Metal | Example of Enzymes | Role of Metal |
|---|---|---|
Fe | Cytochrome oxidase | Oxidation-reduction |
Cu | Ascorbic acid oxidase | Oxidation-reduction |
Zn | Alcohol dehydrogenase | Helps bind NAD+ |
Mn | Histidine ammonia lyase | Aids in catalysis by electron withdrawal |
Co | Glutamate mutase | Co is part of cobalamin coenzyme |
Ni | Urease | Catalytic site |
Mo | Xanthine oxidase | Oxidation-reduction |
V | Nitrate reductase | Oxidation-reduction |
Se | Glutathione peroxidase | Replaces S in one cysteine in active site |
Mg | Many kinases | Helps bind ATP |
Enzyme Inhibition
Drugs, Toxins, and Enzymatic Activity
Many prescription drugs and toxins act as enzyme inhibitors.
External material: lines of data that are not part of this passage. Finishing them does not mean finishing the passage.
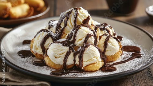 A plate of ice cream-filled profiteroles, topped with a drizzle of chocolate sauce and powdered sugar.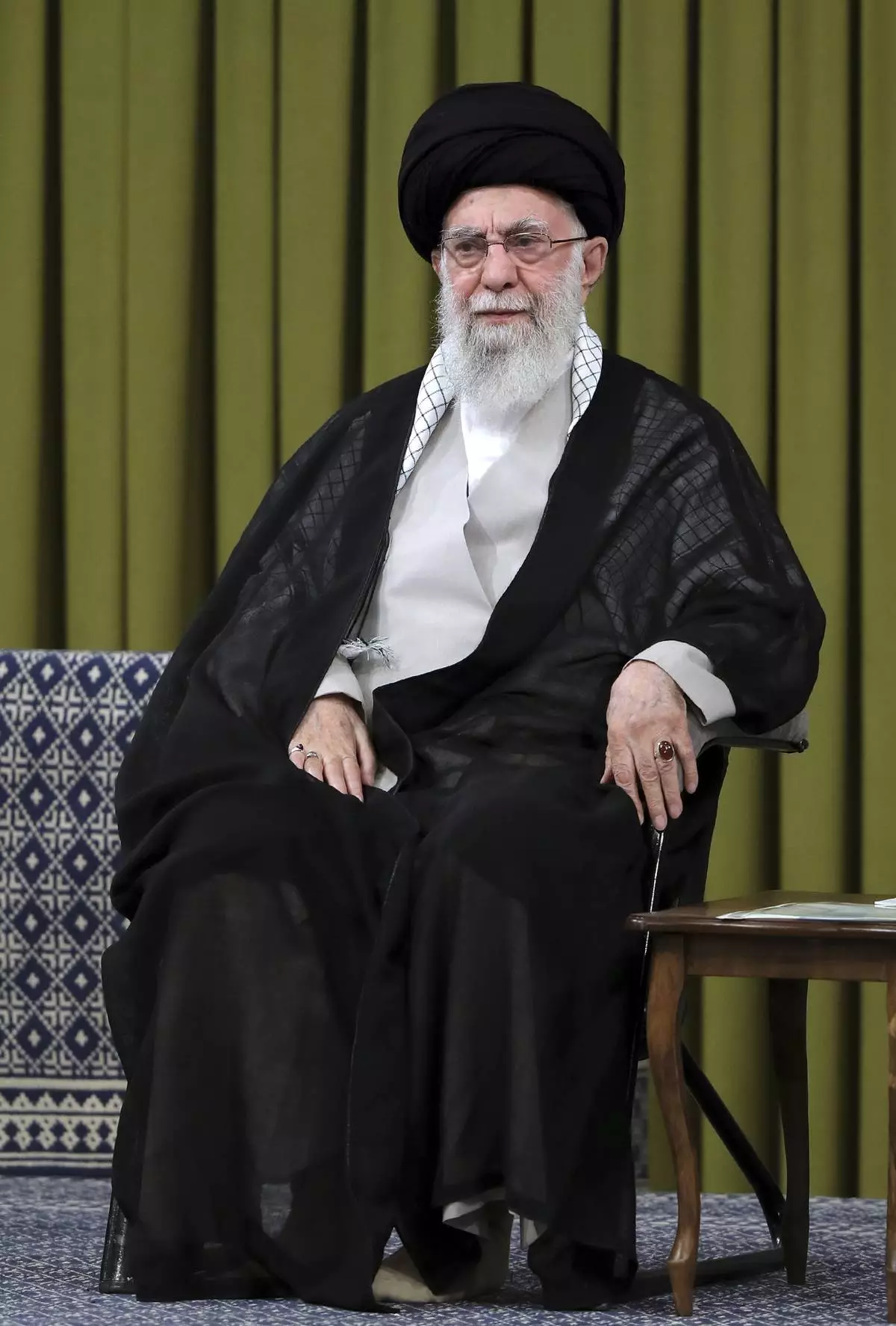 FILE — In this photo released by an official website of the office of the Iranian supreme leader, Supreme Leader Ayatollah Ali Khamenei attends a meeting commemorating Prophet Muhammad's birthday anniversary in Tehran, Iran, Sept. 21, 2024. (Office of the Iranian Supreme Leader via AP, File)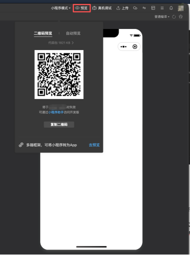 步骤 5:编译成功后点击“预览”扫码体验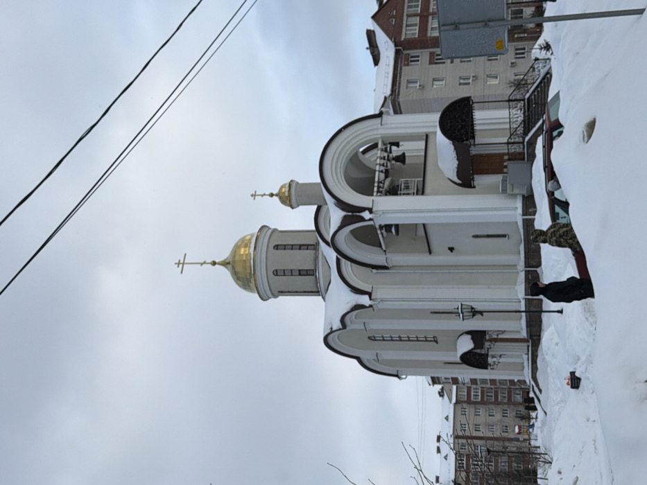 This image depicts a snowy urban landscape in Radkevshchina, Russia, under an overcast sky. The central focus is a white Orthodox church featuring multiple golden onion domes topped with Orthodox crosses. Snow blankets the church's architectural ledges and roofs. To the immediate right of the main dome, a smaller, golden-domed structure is visible. The church's facade includes arched entrances and a bell tower housing visible bells. In the foreground, two individuals are present amidst deep snowdrifts. One person, dressed in dark clothing, stands facing left, partially obscured by snow. Adjacent to them, another person wearing camouflage-patterned attire is partially visible, facing away from the viewer, near a snow-covered red vehicle that is largely buried in the snow. A dark lamppost is situated to the left of these individuals. In the background, multiple-story residential buildings are visible on both sides of the church. To the far right, a gray signpost is partially obscured by the snow. Overhead, two parallel utility lines traverse the upper right portion of the frame. The ground is uniformly covered in significant accumulation of snow.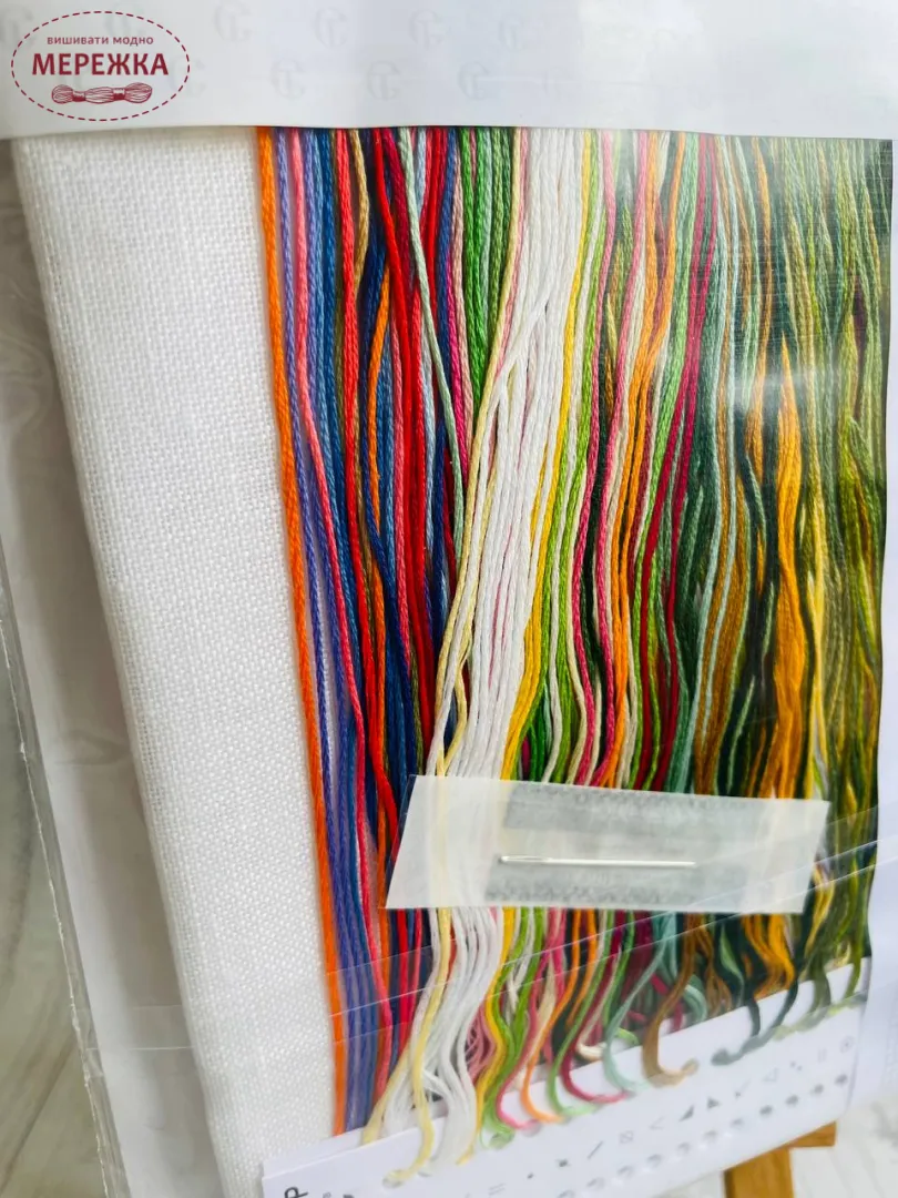 Набір чудово укомплектований, схема чітка та зрозуміла, нитки у наборі фірми DMC, тканина найкращої якості, фірми Zweigart.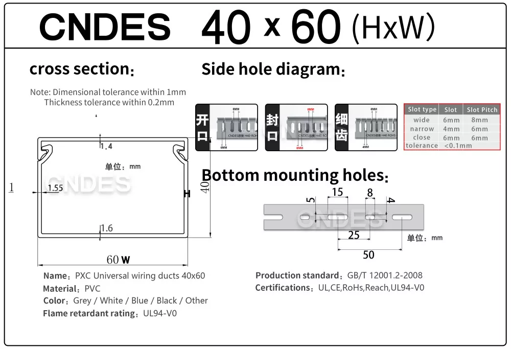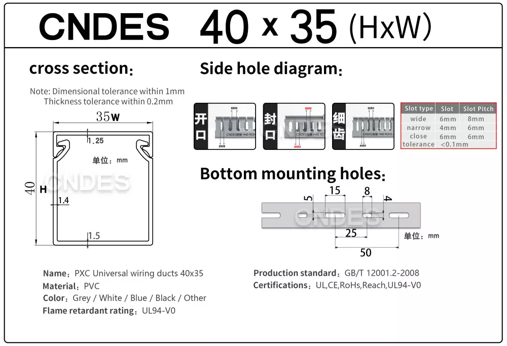 CNDES là nhà sản xuất và cung cấp ống dẫn dây PVC có rãnh hàng đầu. Sau đây chúng tôi sẽ giới thiệu các khay cáp có chiều cao 40mm, bao gồm 40*25, 40*30, 40*35, 40*40 và 40*60.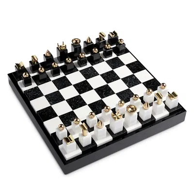 L'Objet Chess Set.Color:Black.Material:Board: lacquered Macassar ebony wood/marble/brass/shell inlay; playing pieces: marble/brass.

Enzyme inhibitors are classified as reversible (noncovalently bound) or irreversible (covalently bound).
Reversible Inhibition
Competitive Inhibition: Inhibitor competes with substrate for the active site. Only the substrate can be processed.
Uncompetitive Inhibition: Inhibitor binds only to the enzyme-substrate (ES) complex, not to the free enzyme, reducing catalytic activity.
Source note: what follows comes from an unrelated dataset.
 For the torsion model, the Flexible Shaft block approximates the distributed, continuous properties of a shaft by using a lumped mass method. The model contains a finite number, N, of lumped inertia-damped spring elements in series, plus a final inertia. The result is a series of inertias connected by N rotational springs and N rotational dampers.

Mixed (Noncompetitive) Inhibition: Inhibitor binds to both the free enzyme and the ES complex at a site different from the substrate, affecting both substrate binding and catalysis.
Irreversible Inhibition
Inhibitor forms a covalent bond with the enzyme, permanently inactivating it.
Example: Diisopropyl fluorophosphate (DFP) binds to the active site serine of acetylcholinesterase, causing paralysis.
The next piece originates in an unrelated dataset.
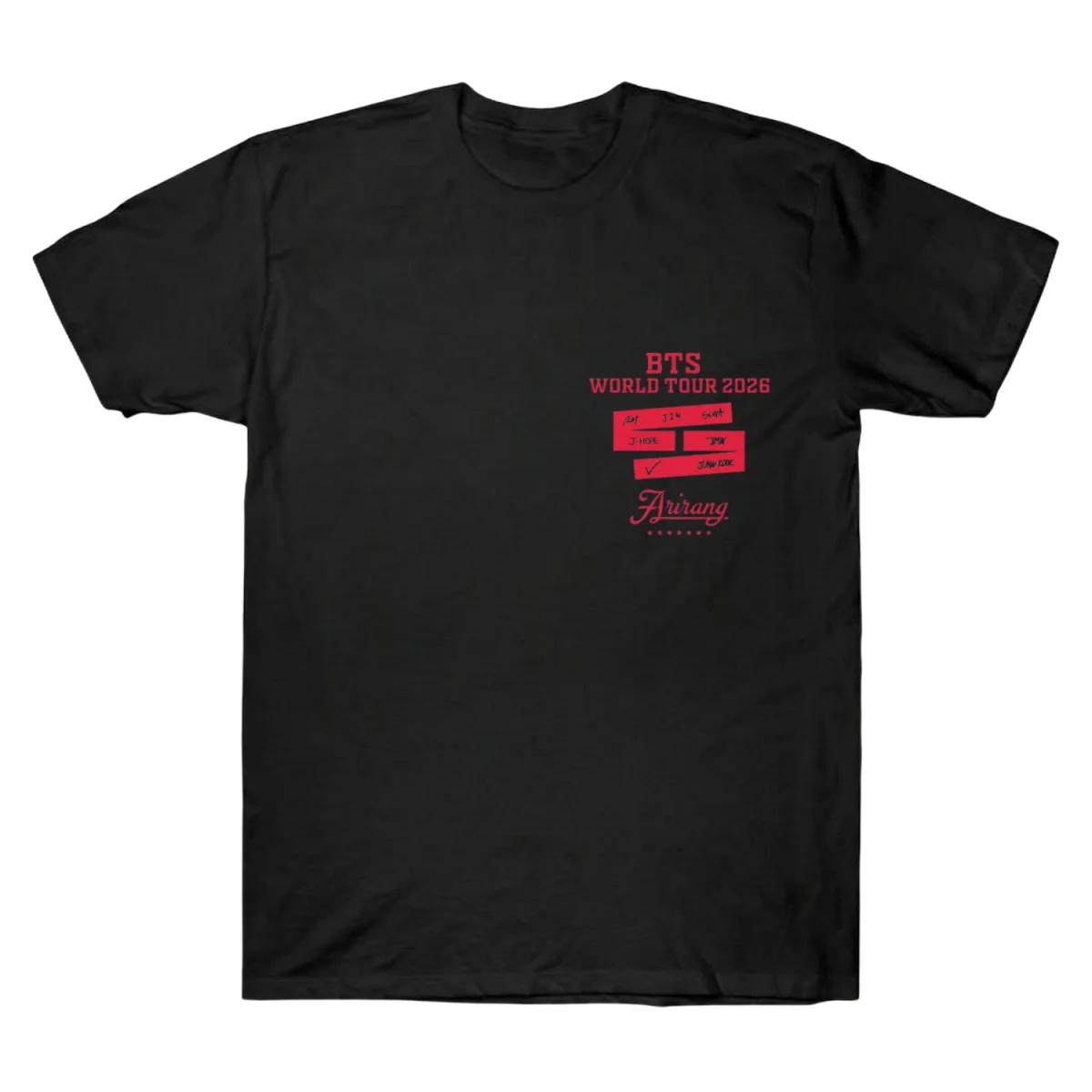 This double-sided design is the definitive collector’s piece for the reunion chapter. The front features a clean, high-fidelity red design on the left chest: the “BTS WORLD TOUR 2026” headline above the iconic member signature ribbon and the elegant “Arirang” script. Flip it over to reveal the massive official schedule, listing every stop from Seoul and Tokyo to Los Angeles, London, and beyond – stretching into 2027.

The Regulation of Enzyme Activity
Controlling Enzyme Functions in the Cellular Context
Substrate Level Control: Reaction rate increases with substrate concentration, but large changes are needed for significant regulation.
Regulation at Committed Steps: Feedback inhibition or activation at pathway control points, often mediated by allosteric enzymes, efficiently maintains homeostasis.
Covalent Modification: Enzyme activity is regulated by reversible (e.g., phosphorylation/dephosphorylation) or irreversible (e.g., zymogen activation) covalent changes.
Allostery
Allosteric enzymes are typically multisubunit proteins that change conformation upon binding substrates or effectors.
Homoallostery: Cooperativity in substrate binding (e.g., hemoglobin).
Heteroallostery: Regulation by nonsubstrate effector molecules.
Covalent Modifications Used to Regulate Enzyme Activity
Reversible and Irreversible Modifications
Many enzymes are regulated by covalent modifications that act as functional on/off switches.
Phosphorylation: Addition of phosphate groups by protein kinases; reversed by dephosphorylation via protein phosphatases.
Zymogen Activation: Irreversible activation of enzymes by proteolytic cleavage (e.g., digestive enzymes, blood clotting factors).
Nonprotein Biocatalysts: Catalytic Nucleic Acids
Ribonucleic Acids as Enzymes
Some RNA molecules, called ribozymes, can catalyze chemical reactions.
Ribozymes support the "RNA World" hypothesis, suggesting that early life used RNA for both genetic information and catalysis before the evolution of DNA and protein enzymes.